Club der 19 Finanzminister: Eurogruppe braucht neuen Chef
Der Chef der mächtigen Eurogruppe, Mário Centeno, legt sein Amt nieder – verschlissen von zähen Grabenkämpfen.
taz |
Als mögliche Nachfolger werden die spanische Finanzministerin Nadia Calviño, der Luxemburger Pierre Gramegna und der Ire Paschal Donohoe gehandelt. Allerdings würden es viele in Brüssel lieber sehen, wenn die Gruppe künftig nicht mehr in einer Art „Teilzeit“ von einem nationalen Politiker, sondern von einem hauptamtlichen „europäischen“ Präsidenten geführt würde.

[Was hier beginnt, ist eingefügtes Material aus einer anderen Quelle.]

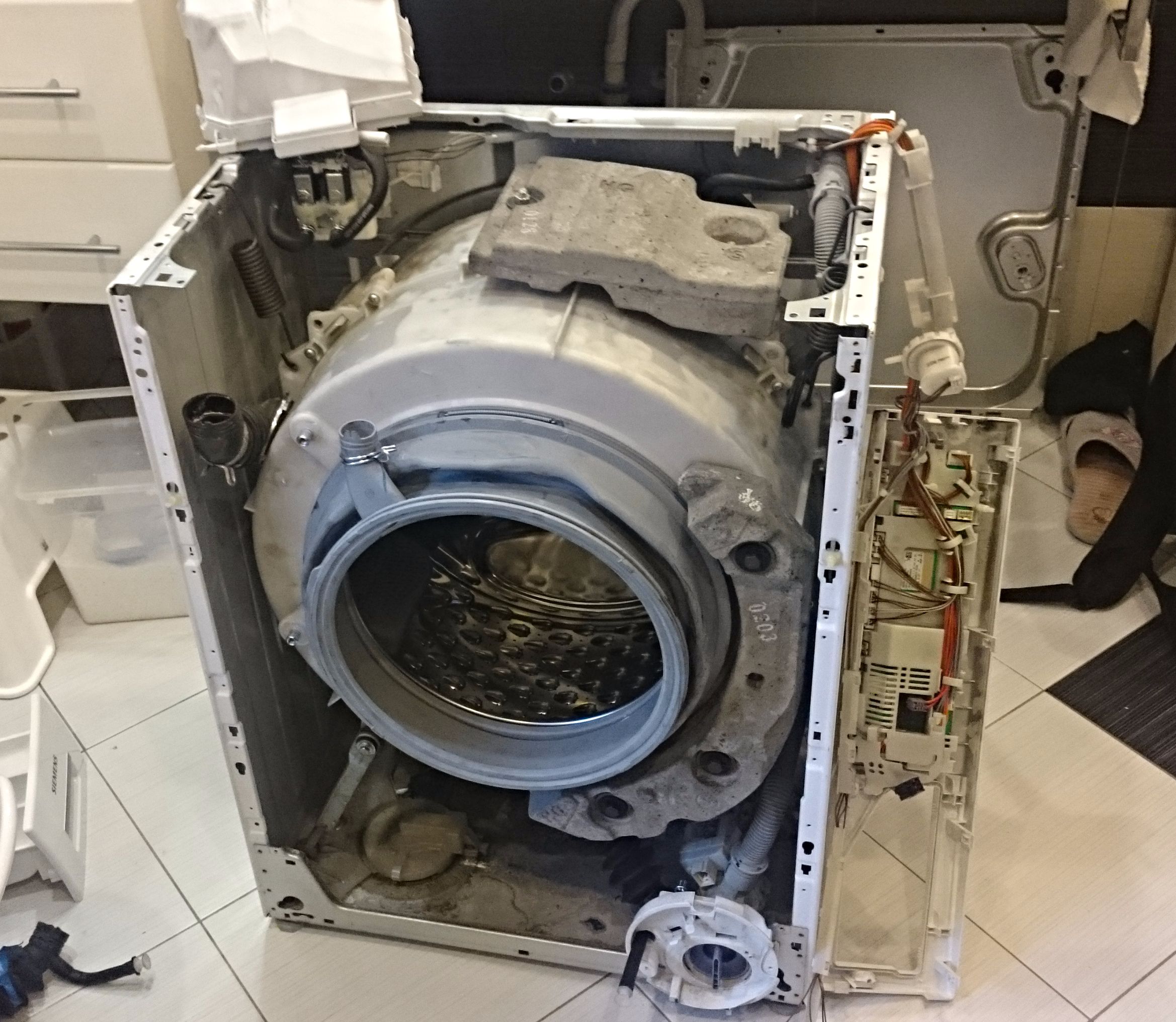 Данная процедура потребует полной разборки стиральной машины. Во время демонтажа не отсоединяйте провода от блока управления – его будет трудно подключить обратно. Демонтируйте деталь и положите ее на верхнюю раму или повесьте на специальный крюк. Как разобрать машинку? При ремонте стиральной машины Bosch, чтобы открутить барабан, нужно сначала отвинтить рессоры. Бак соединяется двумя пластиковыми защелками, которые придется сломать. Неисправные подшипники аккуратно выбивают из гнезда при помощи молотка и долота, зачищают место посадки и затем устанавливают новые детали.
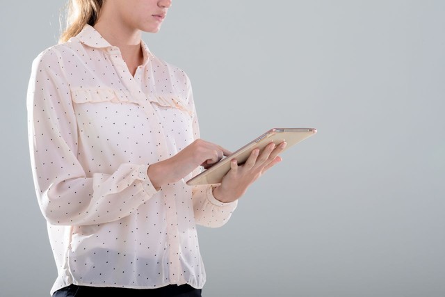 白人女商人使用数字平板电脑,孤立在灰色背景

Centeno war erst seit Dezember 2017 auf dem Posten, der im EU-Vertrag ebenso wenig vorgesehen ist wie die Eurogruppe selbst. Es handelt sich um ein informelles Gremium, in dem traditionell die Deutschen den Ton angeben. Der Portugiese hatte es von Anfang an schwer, da er nicht auf einer Linie mit dem Bundesfinanzministerium in Berlin lag.
Zuletzt hatten sich die Beziehungen zwar etwas entspannt. Denn Berlin hat seinen harten Sparkurs aufgegeben und ist auf eine antizyklische Fiskalpolitik eingeschwenkt, die sogar die Aufnahme von EU-Schulden möglich macht. Doch zuvor hatte sich Centeno in zähen Verhandlungen über ein neues Eurobudget verschlissen. Auch der wochenlange Streit über ein 540 Milliarden Euro schweres Rettungspaket wegen der Coronakrise hat Spuren hinterlassen. Immerhin brachte Centeno eine schnelle Einigung zustande.
Sein Nachfolger muss sich nun um den 750 Milliarden Euro schweren Wiederaufbaufonds kümmern, den die EU-Kommission vorgeschlagen hat. Damit beginne „ein neuer Zyklus für die Eurogruppe“, sagte er. Das letzte Wort haben allerdings die Staats- und Regierungschefs der EU. Der Chef der Eurogruppe darf nur die mühsame Feinarbeit machen.